Robert Sherefkin, Automotive News
Detroit, Michigan -- Virtually half of the 25 largest suppliers to automakers in North America are foreign-based, and many of the US companies on the list are struggling.
Automotive News' annual survey of the top 150 North American suppliers shows that 12 of the top 25, ranked by sales, are non-US companies, up from just five a decade ago and 11 last year.
Of the 13 US companies in the top 25, 11 had lower sales last year. Three of those 13 have received "going concern" warnings from auditors, one is in bankruptcy, and several others have corporate credit ratings deep into junk territory.
Automotive News bases its annual ranking on sales of original-equipment parts to automakers and other suppliers in North America. Suppliers provide the bulk of the financial data. Sales at some companies had to be estimated because they are closely held or because their fiscal-year results were unavailable last week.
U.S. once ruled
A decade ago, US suppliers ruled North America. Seven of the top 10 suppliers and 20 of the top 25 were based in the United States. The largest supplier then was Delphi Automotive Systems Corp., with sales of $20.64 billion.
Now Canadian supplier Magna International Inc. reigns as No. 1 for the second consecutive year, even though its sales fell 16.0 percent to $11.42 billion. Delphi Corp. is again No. 2, although its North American sales last year fell 35.8 percent to $7.59 billion.
Rising sales pushed two foreign suppliers into the top 25: Toyota Boshoku America Corp. of Japan and Benteler Automotive Corp. of Germany.
But for most large suppliers, North America was a tough market in 2008. Automakers slashed orders as vehicle sales plunged. Tight credit and high summer fuel prices also hurt.
Of the top 25 suppliers, 19 had lower sales. Eight of those were foreign companies and 11 were based in the United States.
Those with lower sales include Robert Bosch LLC, Denso International America Inc., Lear Corp., Visteon Corp. and American Axle & Manufacturing Holdings Inc.
In absolute dollars, Delphi's sales decline of $4.23 billion was the year's largest. During more than three years in Chapter 11 reorganization, Delphi's sales fell steadily as it sold assets.
The largest sales increase was Toyota Boshoku's $316 million gain, to $2.33 billion.
In percentage terms, Freescale Semi-conductor Inc. had the largest sales gain: a 64.5 percent rise to an estimated $628 million. That was enough to push it to No. 62 on the list of the top 150, from No. 118 last year.

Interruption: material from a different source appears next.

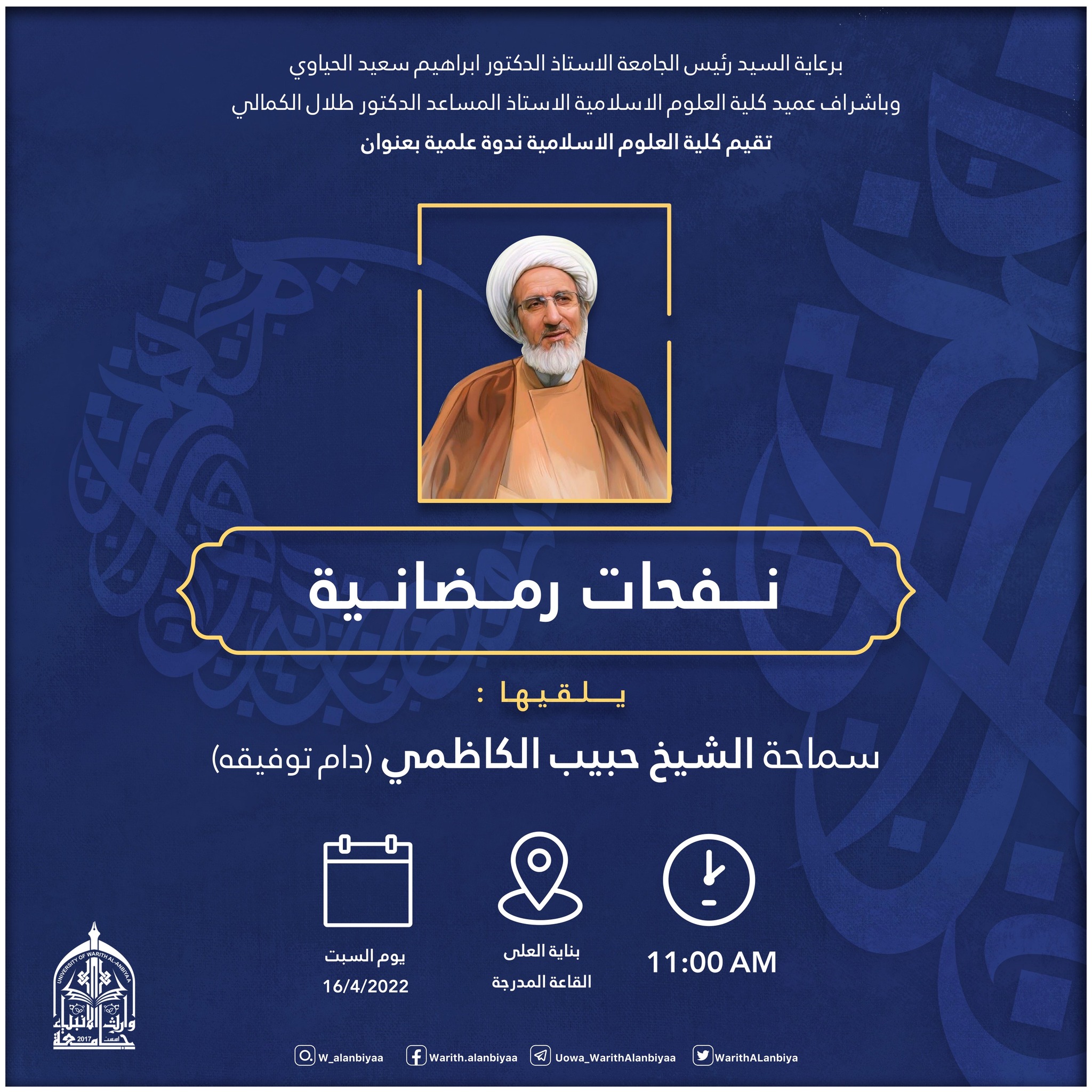 برعاية الاستاذ الدكتور ابراهيم الحياوي وبإشراف عميد كلية العلوم الاسلامية الاستاذ المساعد طلال الكمالي، تقيم الكلية ندوة بعنوان " نفحات رمضانية" يلقيها سماحة الشيخ حبيب الكاظمي، اليوم السبت الموافق 16-4-2022 على القاعة المدرجة في بناية العلا داخل الحرم الجامعي.

Wescast Industries Inc. had the largest percentage drop among companies that stayed on the list. Its sales fell 54.9 percent to $142 million. That put it at No. 149, from No. 129 last year.
Overall, North American sales for the top 25 suppliers dropped 18.3 percent to $91.22 billion. Combined, the suppliers on the top 150 list posted a sales decline of 16.0 percent, to $162.20 billion.
No big deals
In previous years, the sales dollar volume was driven by mergers and acquisitions. But big deals were not a factor last year, says investment banker Michael Benson of Stout Risius Ross Advisors LLC in suburban Detroit. "As the country slipped into recession, auto parts makers were focused on how to survive the downturn," Benson says.
The past decade has been tough on U.S. suppliers. Debt-loaded balance sheets left them vulnerable to market gyrations. Then North American sales tumbled as the industry's production volumes collapsed, most notably at the Detroit 3.
Don Runkle, Delphi's former chief technology officer, says U.S. suppliers were hurt more because their Detroit 3 customers got hit by collapsing sales earlier than their rivals. Last summer, when rising gasoline prices deflated SUV sales, some Japanese makers' sales of smaller cars kept humming.
For all of 2008, new-vehicle sales by the Detroit 3 fell 23.7 percent to 6,294,437, while the overall market slid 18.0 percent to 13,247,431.